Only when Noah arrives in Boston, he’s terribly homesick – and misses Elle in particular. She starts planning a visit, but in the meantime, she’s got a potential new suitor in Marco (Taylor Perez), the new student who’s positioned to become the most desirable draw in Elle and Lee’s annual fundraiser kissing booth. He knows she might be interested, too, due to that classic mishap where you lean against the school intercom and accident blurt your feelings of attraction to the entire school. Crazy old-school intercoms and the crazy backpacks that accidentally push them into the ‘on’ position!

Meanwhile, feeling at loose ends, Elle is getting in the way of Lee’s relationship with his own girlfriend, Rachel (Meganne Young), who has about as good a heart as they come, but can only take so much of Lee prioritising Elle over her.
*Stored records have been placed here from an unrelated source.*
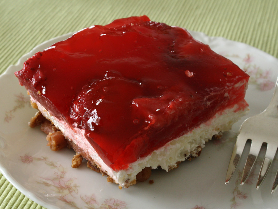 * Even though the recipe says that my Jell-O mixture never gets partially set before I put it in the fridge, that is not true in this case. When I made the salad in the photograph, I accidentally left the Jell-O in the saucepan for about an hour before pouring it into the 9″x13″ pan. By that time, the Jell-O had definitely set making it look sort of humpy in this photo.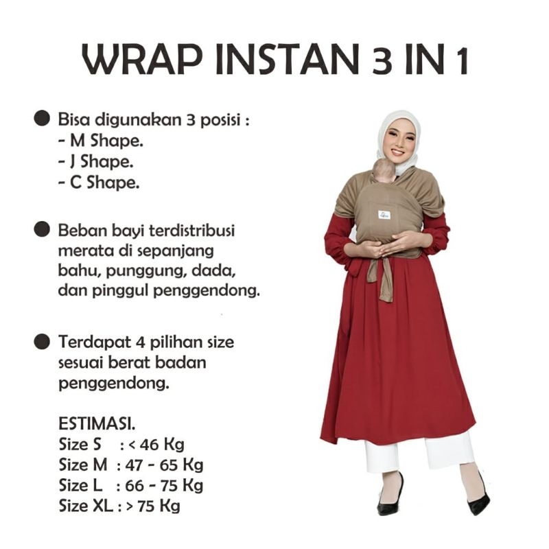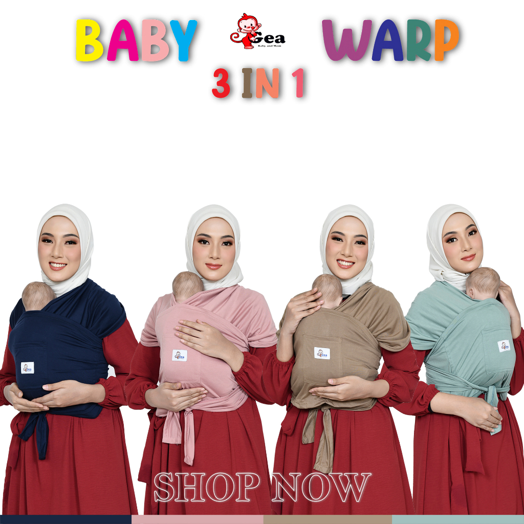 Gendongan Bayi Depan M Shape 3in1 Samping Baby Wrap Geos Instan Premium Whit Sash Belt GEA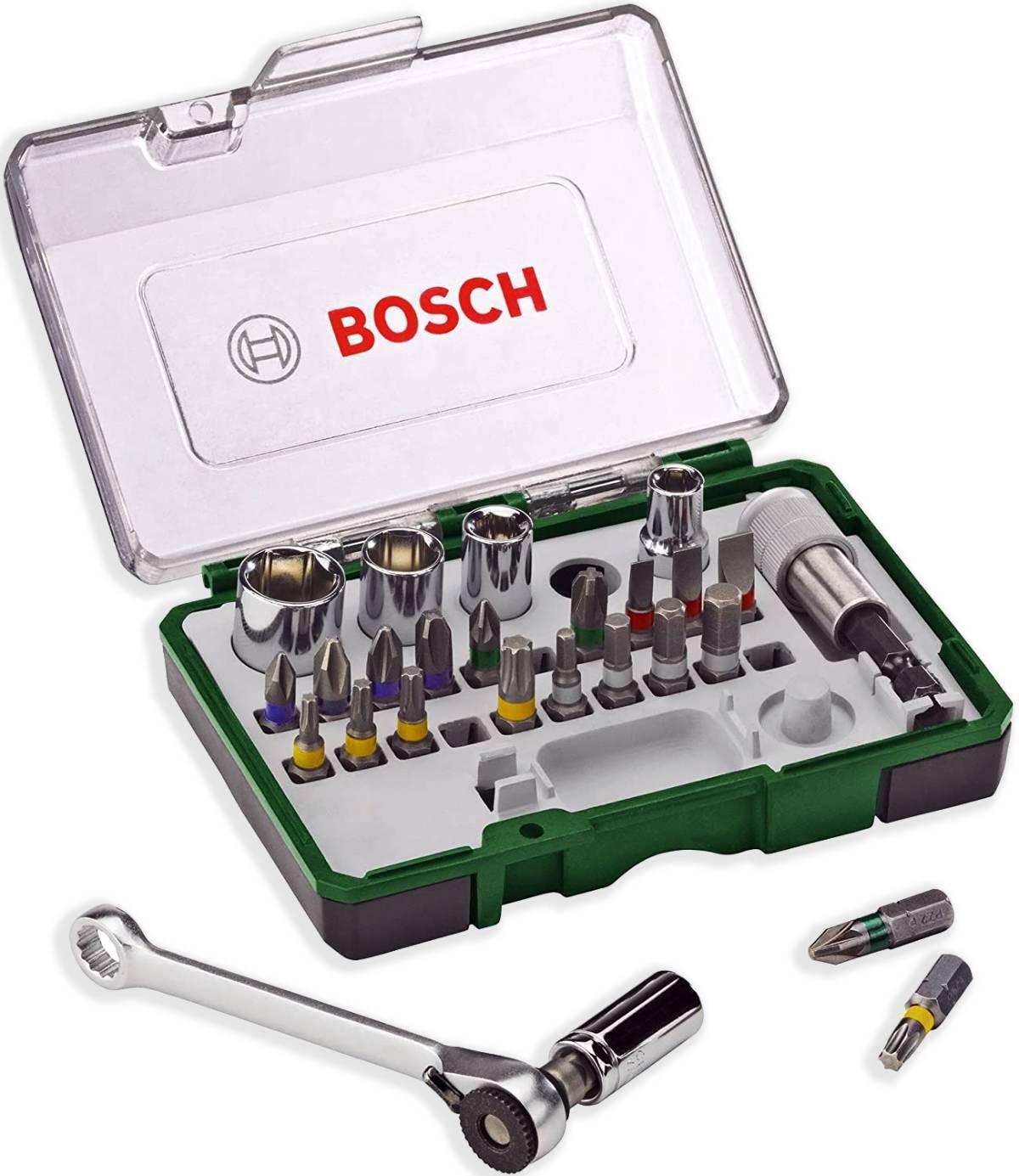Jogo De Bits E Soquetes Com Catraca 27 Peças - Boschos Kits De Pontas E Soquetes Bosch Extra Hard São Ideais Para Aplicações Universais De Parafusamento E Fixação.as Pontas E Soquetes São Fabricados Com Aço De Alta Qualidade Com Processo De Tratamento Térmico Que Traz Alta Resistência E Permite Um Alto Desempenho Nas Aplicações. A Zona De Torção Cônica Das Pontas Absorve A Força E Vibração Durante As Aplicações Executando Todos Os Parafusamentos Com Facilidade.o Portfólio Bosch Extra Hard É Completo E Possui Pontas Philips (ph), Pozidriv (pz), Torx (t), Fenda (s) E Soquetes Em Diferentes Diâmetros Com Encaixe Hexagonal 1/4. São Indicados Para Utilização Em Furadeiras E Parafusadeiras. Conteúdo Da Embalagem- 1 Estojo- 19 Bits De 25 Mm: Ph 1 / 2 / 2 / 3, Pz 1 / 2 / 3, Fen 4 / 5 / 6, Torx 10 / 15 / 20 / 25 / 30, Hex 3 / 4 / 5 / 6,- 1 Minichave De Catraca- 1 Adaptador Multi-fit- Soquetes 6 / 7 / 8 / 10 / 13 Mm + Adaptador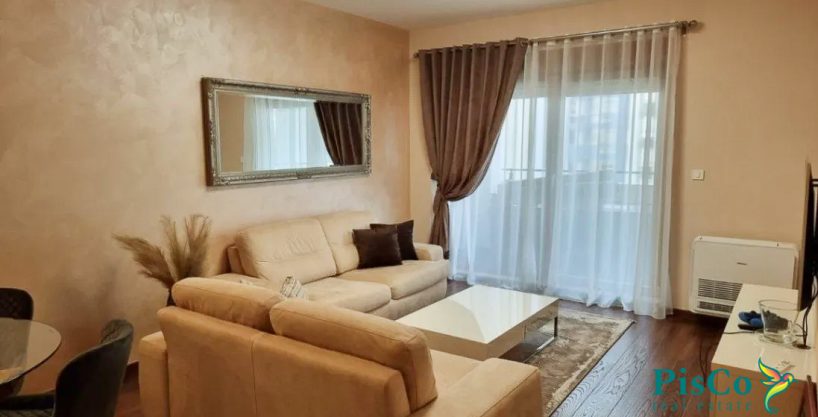 The apartment is comfortable, with a good arrangement of rooms, and decorated with modern and high-quality furniture. The living room has comfortable furniture, TV and air conditioning, and large balcony doors. This space is decorated with many fine decorative details, modern lighting and textiles. There is a dining area with a large table and chairs, and a kitchen below. The kitchen is spacious and functional, made of high-quality materials, and with all the necessary built-in appliances. It has bright tones and an interesting appearance, and it fits perfectly into the overall ambience of this space.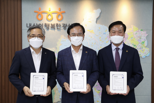 이날 구청 2층 구청장실에서 열린 협약식에는 김삼호 광산구청장, 이종만 광주하나센터장, 양동호 투게더광산 나눔문화재단 이사장 등 각 기관 관계자가 참석했다.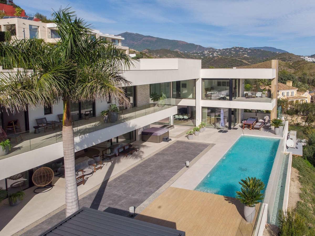 Impresionante villa contemporánea con vistas panorámicas a la montaña, al golf y al mar en La Alqueria, Benahavis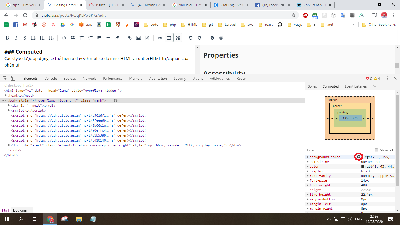 - Phần tool: các element.style, các sự kiện trên element, các thông tin được áp dụng cho thẻ, các thuộc tính của thẻ,..
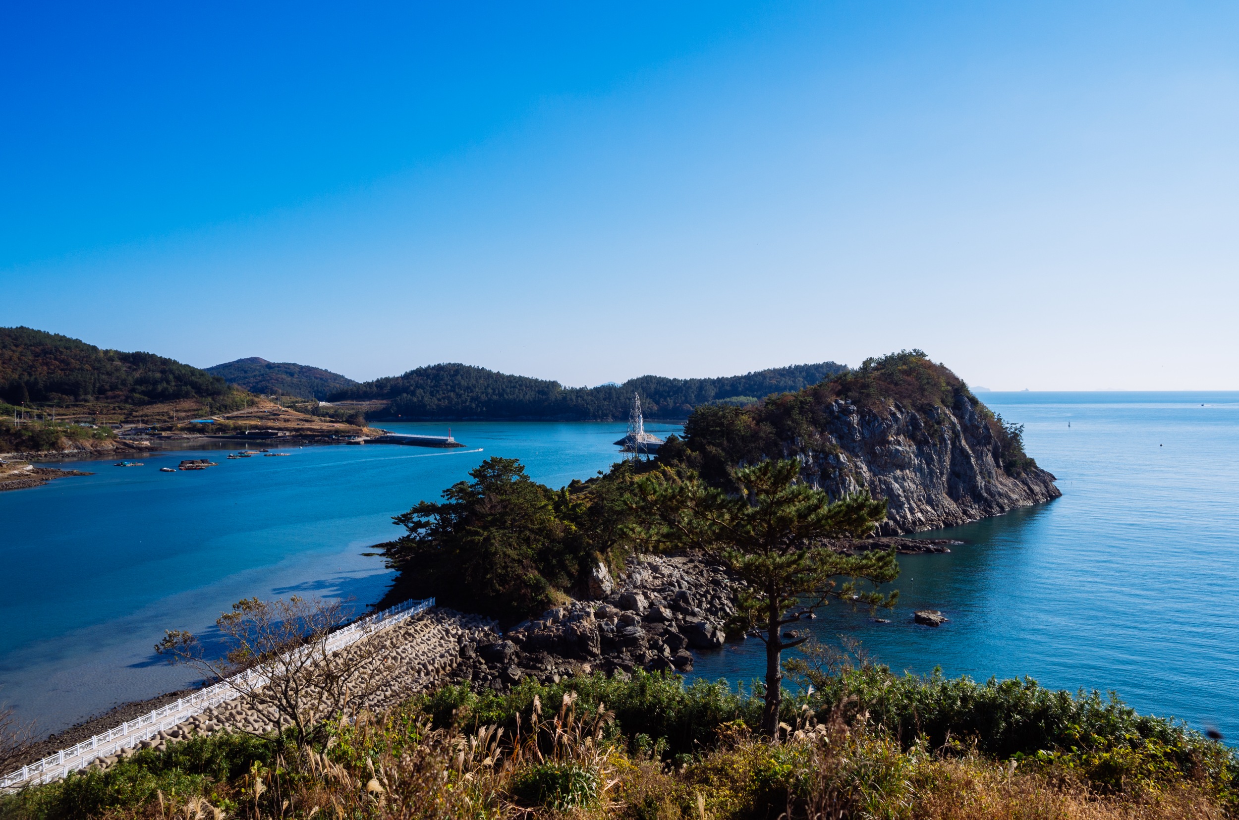 오른쪽에 보이는 외딴섬이 수락도, 그 옆으로는 사양도입니다. 사양도는 사양교가 있어 차로 이동 가능합니다.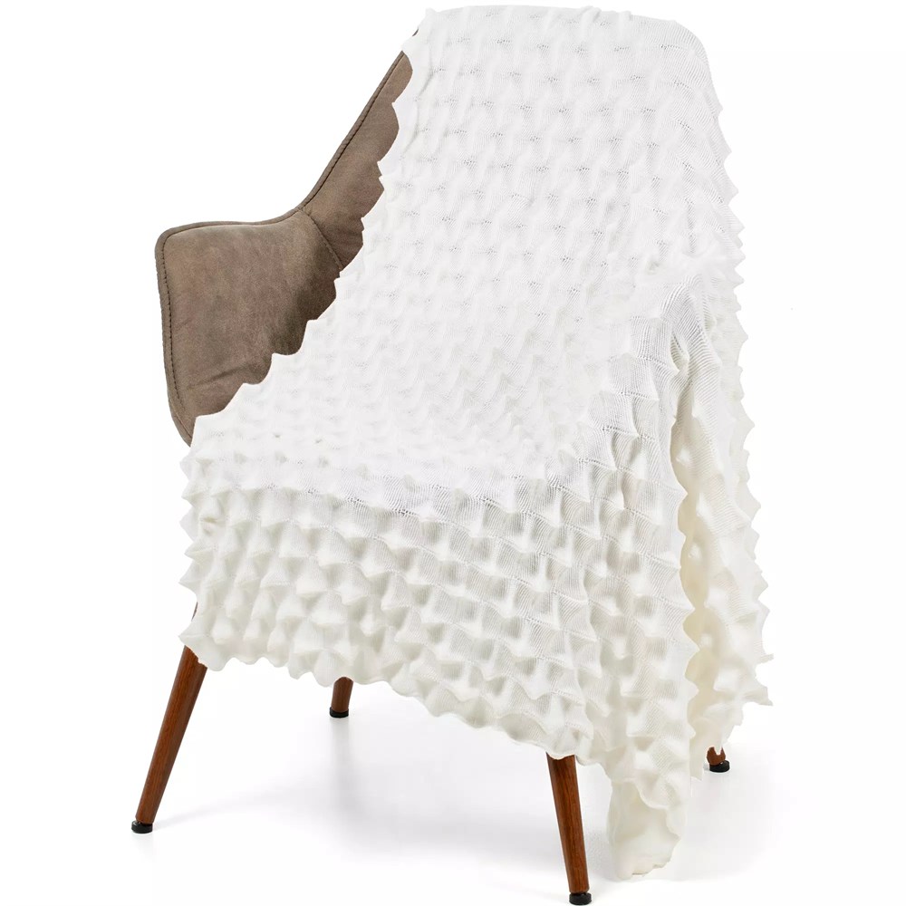 Объемный, но одновременно воздушный плед нежного молочно-белого цвета Metamorpho — словно наделенная магическими свойствами чешуя небывалого животного, которой хочется обернуться от забот и суеты. Плед окутает теплом, а его необычная фактура напомнит о величии и красоте заснеженных горных вершин. Так создается атмосфера настоящей зимней сказки!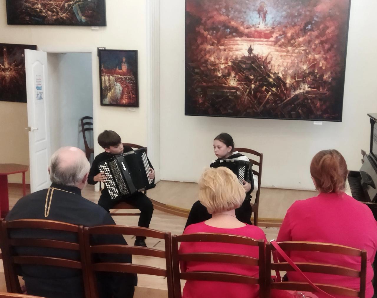 Повествование автора книги дополнил музыкальный дивертисмент учащихся Фрязинской детской школы искусств по классу фортепиано (преподаватель В.Ю. Бабаева) и отдела народных инструментов (преподаватель О.В. Солдатова). Юные исполнители показали высочайший класс мастерства. В музыкальной программе было много произведений, связанных с юбилеем Великой Победы, 80-летие которой мы уже начали славно и светло отмечать в эти праздничные пасхальные дни.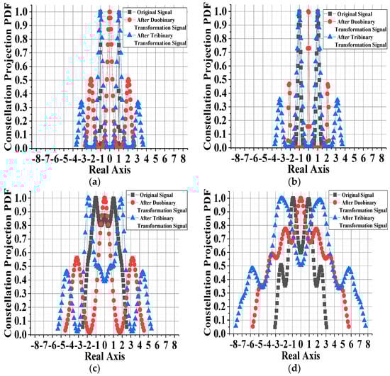 In order to conduct an in-depth analysis, we attempt to convert the two-dimensional constellation PDF along with the real and imagined axes in Figure 2 and Figure 4 into a one-dimensional constellation projection PDF only along with the real axis, as shown in Figure 7. We take four cases in which the time-packing factor equals 1.00, 0.95, 0.65 and 0.45 as examples, respectively. Figure 7a–d show the abovementioned constellation projection PDF graphs corresponding to the time-packing factors of 1.00, 0.95, 0.65 and 0.45, respectively. Note that, in Figure 7a–d, the received signals are both exercised with 1-level polybinary transformation (equivalent to the original signal), duobinary transformation and tribinary transformation.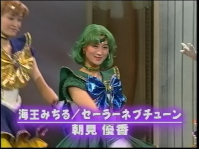 黒木マリナ, 河辺千恵子, 吉田恵, 杉本文乃, 村田あゆみ, 高木ナオ, 朝見優香, 穂坂優子, 垣内彩未 Kuroki Marina, Kawabe Chieko, Yoshida Megumi, Sugimoto Ayano, Murata Ayumi, Takagi Nao, Asami Yuuka, Hosaka Yuuko, Kakiuchi Ayami Sailor Moon, Sailor Mercury, Sailor Mars, Sailor Jupiter, Sailor Venus, Sailor Uranus, Sailor Neptune, Sailor Pluto, Sailor Saturn |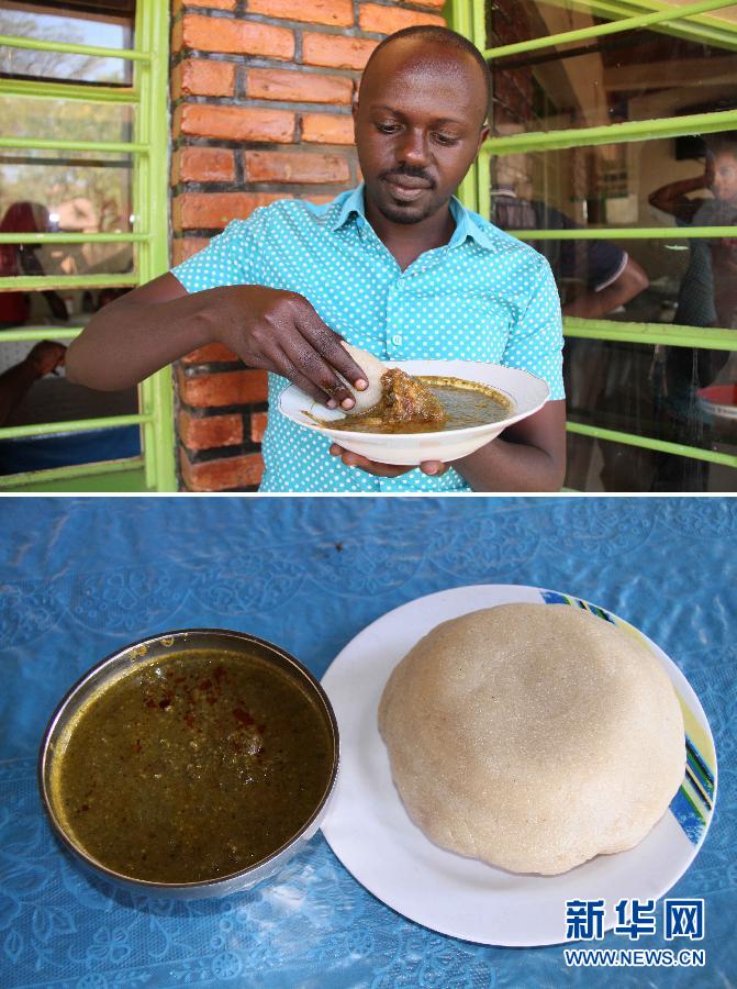非洲的饮食文化别具一格,质朴而狂野,不同国家、不同民族的饮食特征也极具地方特色。乌加利在肯尼亚、坦桑尼亚、卢旺达等国家是非常受欢迎的主食,一般是将玉米粉烹调,做成面团的形状。这款主食能搭配很多菜肴,在食用乌加利的时候,当地人喜欢将乌加利掰碎,就像中国人吃羊肉泡馍一样泡进菜汁中。上图:一个卢旺达人用乌加利蘸着菜汤食用。 下图:一份乌加利(右)配上一份菜汤。(拼版照片,摄于2014年6月3日) 新华社发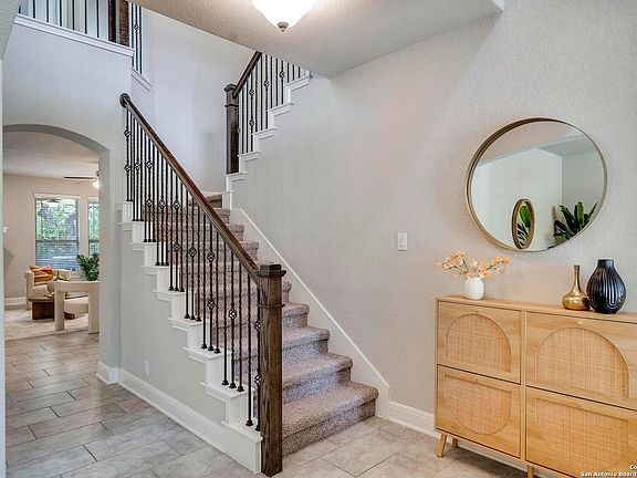 Welcome to this stunning home in FALLBROOK boasting 5 bedrooms and 3.5 bathrooms, this spacious 3,063-square-foot property offers the perfect blend of comfort and elegance. The heart of the home features an elegant kitchen with gorgeous granite countertops and plenty of cabinetry, large island, HUGE pantry & gas range, perfect for meal preparation and entertaining. The family room includes a gas fireplace and high ceilings throughout, natural light pours into every room, creating a bright and inviting atmosphere. The main level includes a private guest suite with an ensuite bath, ideal for visitors or multi-generational living. Upstairs, retreat to the luxurious primary suite complete with a spa-inspired bathroom, oversized walk-in shower, soaking garden tub, and a massive walk-in closet. Also upstairs: a spacious game room for movie nights or playtime, three additional bedrooms, and a full bathroom to accommodate everyone comfortably. Step outside to a serene backyard backing to a greenbelt-your own private escape. The extended covered patio offers the perfect setting for outdoor dining or relaxing with a cup of coffee. Fallbrook residents enjoy exceptional community amenities including a lagoon-style pool and park, just steps away. With easy access to IH-10, shopping, dining, and Boerne's top schools, this location truly has it all.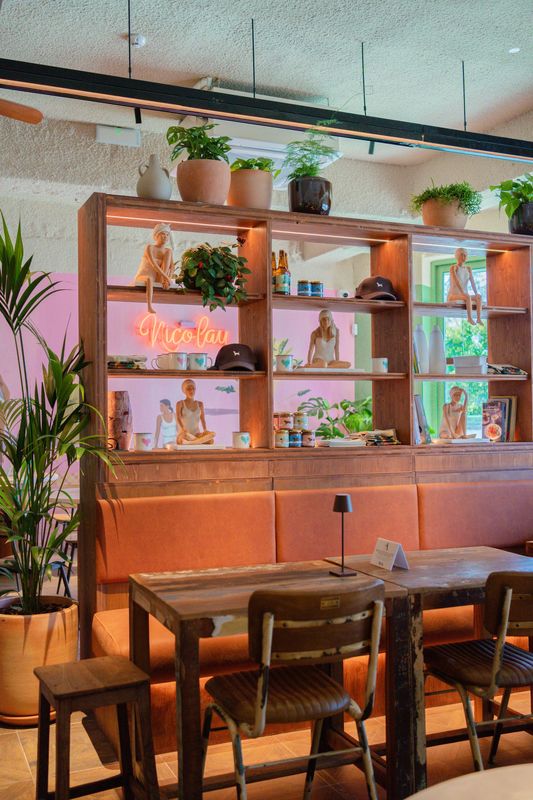 Puxando o ambiente de praia para dentro do espaço, e sobretudo para a esplanada exterior equipada com guardassóis exóticos, o Nicolau Cascais vende chinelos de praia e bonés exclusivos, e terá bolas de praia insufláveis. Quem conhece os outros espaços sabe que ali também pode comprar as kombuchas e manteigas de amendoim caseiras. A ligação à natureza torna-se ainda evidente com as várias plantas de interior que adornam o espaço, e que são tratadas por uma florista da vizinhança.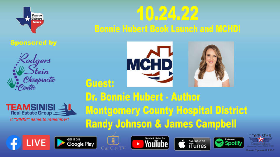 10.24.22 – Bonnie Hubert Book Launch and MCHD! Conroe Culture News with Margie Taylor. Dr. Bonnie Hubert is a life coach, educator, and author of the book, “Every Woman Needs a Maid”. Montgomery County Hospital District MCHD was established through special legislation in 1977 to provide healthcare…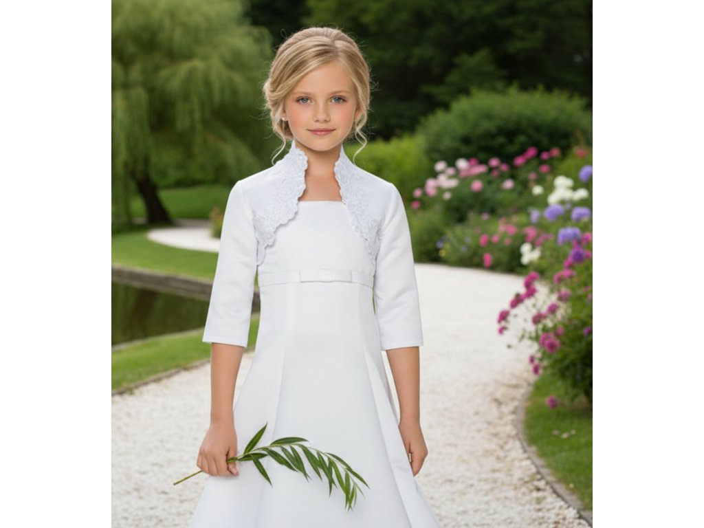 Dětské saténové svatební bolerko zdobené krajkou.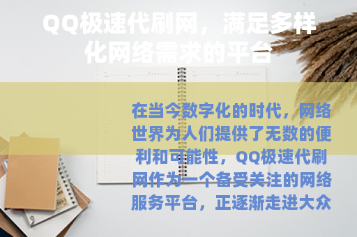 在当今数字化的时代,网络世界为人们提供了无数的便利和可能性,QQ极速代刷网作为一个备受关注的网络服务平台,正逐渐走进大众的视野,为用户带来了独特的体验和价值。

Meanwhile again, Elle flips on the long-distance jealousy of a Harvard freshman she thinks might have caught Noah’s eye, Chloe (Maisie Richardson-Sellers), who is not only gorgeous, but at least 25 in real life. (Actually, she’s 28.)

The Kissing Booth movies wear their love for John Hughes on their sleeve, considering that both employ 80s fixture Molly Ringwald in the increasingly smaller role of Lee and Noah’s mum. If The Kissing Booth 2 were a bit more tongue in cheek, it could function as a loving homage to/parody of such movies, something clearly fourth-wall breaking. By just trying to be one, the film holds itself to the impossible standard of the mainstream quirkiness Hughes spun out so effortlessly. Those films were very accessible while also letting their freak flag fly, but The Kissing Booth 2 just has to be happy with “very accessible.” Which is not enough.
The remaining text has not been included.